Какая прелесть лиц и уборов. Какая приятность манер и повадок. Какая
искусность в музыке. Словно зачарованный замок! Мистер Грилл, столь охотно
толкующий о Цирцее, почувствовал бы себя тут как дома; он бы легко
вообразил, будто ему прислуживают ее служанки, дочери потоков и рощ. Мисс
Грилл легко могла бы вообразить, будто попала в обиталище тезки своей
Морганы. Боюсь только, она повела бы себя так, как повел себя с Морганой
Роланд, разбив талисман и рассеяв чары. А ведь жаль. И жаль будет, однако,
если эти двое вообще не познакомятся. Но отчего мне хлопотать о сватовстве?
Всегда это неблагодарная забота. Если все кончится хорошо, твою добрую
услугу забудут. Если плохо - обе стороны тебе не простят".
Мысли его преподобия прервали чьи-то сетования, делавшиеся все громче,
по мере того как он продолжал путь. Он дошел до места, откуда неслись звуки,
и не без труда обнаружил скорбящего сельского жителя, укрытого густыми
папоротниками, выше его роста, если б он поднялся на ноги; и если бы,
катаясь по земле в припадке отчаяния, он их не примял, он так и оставался бы
невидим, припав к ручью на опушке леса. Слезы на глазах и бедственные
выкрики странно не вязались с круглым розовым лицом, казалось, надежно
подкрепленным элем и мясом для борьбы с любыми бороздами горя; но от любви
не защитят даже такие надежные средства, как мясо и эль. Стрелы амура
пробили оборону, и поверженный олень, тоскуя, поник у потока.

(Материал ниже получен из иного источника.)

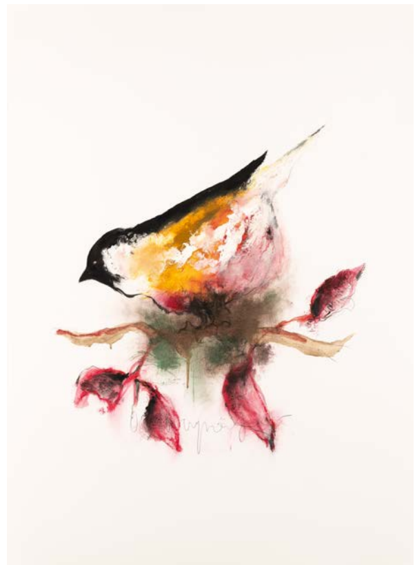
Links: Kleine Vuilbek, O.C. Hoymeijer, oliepastel op papier, 95 x 65 cm. Rechts: Aarsvink, O.C. Hoymeijer, oliepastel op papier, 95 x 65 cm

Его преподобие, приблизясь, ласково спросил:
- Что с вами приключилось?
Ответом ему был только новый взрыв отчаяния; бедняга отвергал все
попытки участия.
- Вы мне ничем не поможете.
- Как знать, - возразил отец Опимиан. - Покуда не расскажешь о своей
беде, никогда не знаешь, можно ли ей помочь.

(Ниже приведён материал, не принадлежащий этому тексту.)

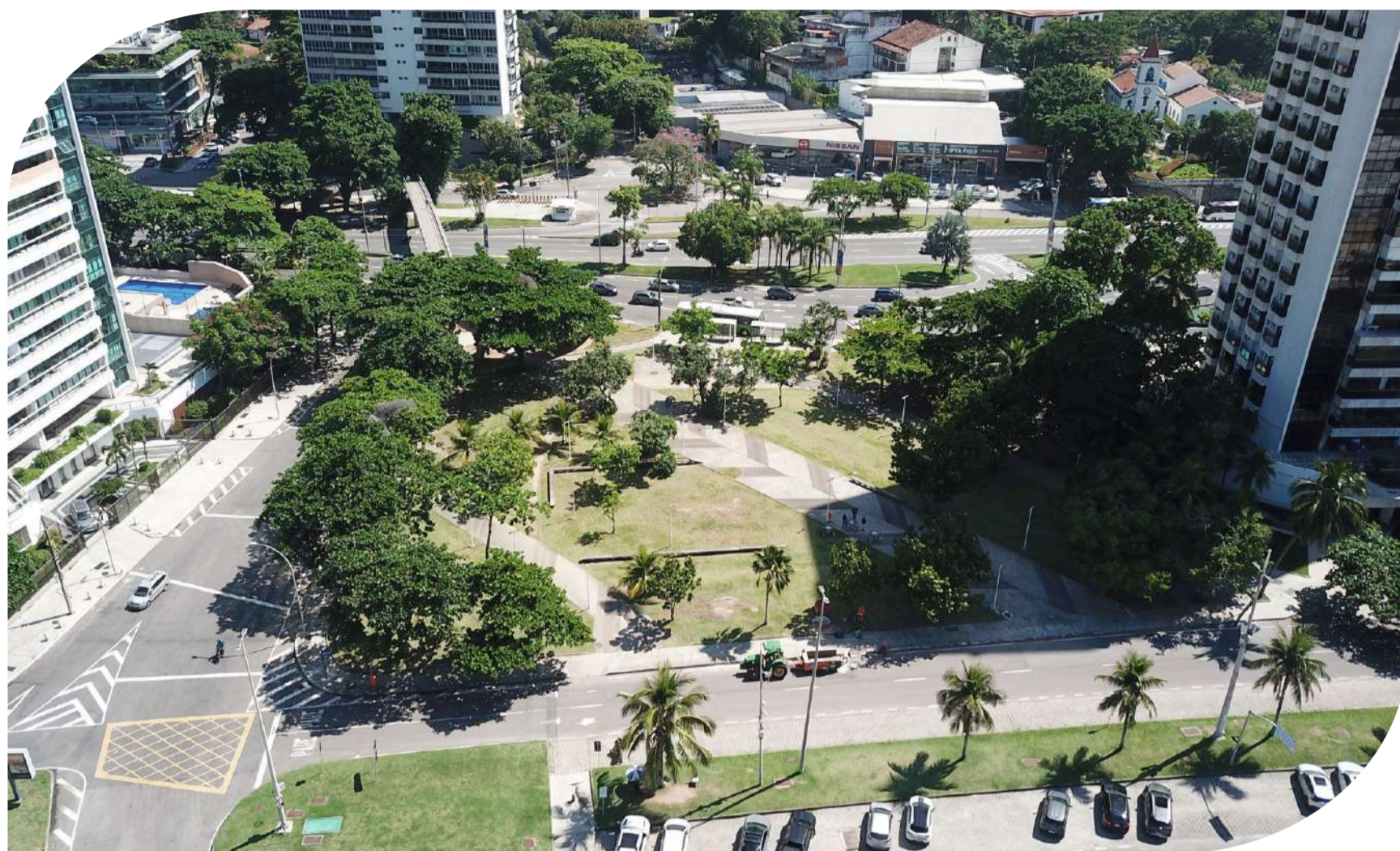
Praça Mariangeles Maia em São Conrado

Сначала его преподобие не добился ничего, кроме повторения фразы "Вы
мне ничем не поможете". Но его доброта наконец одержала верх над недоверием
несчастного, и, сам не свой от горя, давясь слезами, тот воскликнул:
- Она за меня не хочет!
- Кто именно? - осведомился его преподобие.

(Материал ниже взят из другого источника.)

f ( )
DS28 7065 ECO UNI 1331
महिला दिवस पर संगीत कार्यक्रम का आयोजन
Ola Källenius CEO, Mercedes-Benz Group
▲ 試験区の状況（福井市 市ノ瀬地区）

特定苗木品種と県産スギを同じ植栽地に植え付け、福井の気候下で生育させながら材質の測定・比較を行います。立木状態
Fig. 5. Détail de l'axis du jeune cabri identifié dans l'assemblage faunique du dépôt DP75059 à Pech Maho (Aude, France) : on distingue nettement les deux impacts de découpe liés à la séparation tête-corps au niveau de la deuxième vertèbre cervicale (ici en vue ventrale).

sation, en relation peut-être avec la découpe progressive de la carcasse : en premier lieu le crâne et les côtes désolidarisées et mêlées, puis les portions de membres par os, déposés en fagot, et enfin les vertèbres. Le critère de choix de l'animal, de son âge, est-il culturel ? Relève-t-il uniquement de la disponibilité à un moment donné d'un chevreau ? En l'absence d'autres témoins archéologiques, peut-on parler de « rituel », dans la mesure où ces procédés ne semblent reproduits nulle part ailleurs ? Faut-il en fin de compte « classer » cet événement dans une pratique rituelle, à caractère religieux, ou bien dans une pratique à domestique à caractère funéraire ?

- Ну ладно, - отвечал скорбящий, - рассказывать, так уж все. Это леди
из замка.
- Леди? - спросил отец Опимиан.
- Они-то себя служанками называют, - отвечал тот, - да только они самые
настоящие леди, и уж как нос задирают, раз одна мне отказала: "Отец у меня
богатый, у него самая лучшая ферма во всей округе, и своя, собственная. И
вдвоем мы с ним, он да я". А моя жена хозяйство бы вела, а по вечерам бы
играла и пела - ох, она ведь все умеет! - и читать, и писать, и счета вести,
петь, играть - сам слыхал! - и сливовый пудинг печь - сам видел! - и зажили
бы мы уютно, как три сверчка на печи, а к концу года, глядишь, - и все
четыре! А вот не хочет же!
- Вы ее спрашивали? - спросил его преподобие.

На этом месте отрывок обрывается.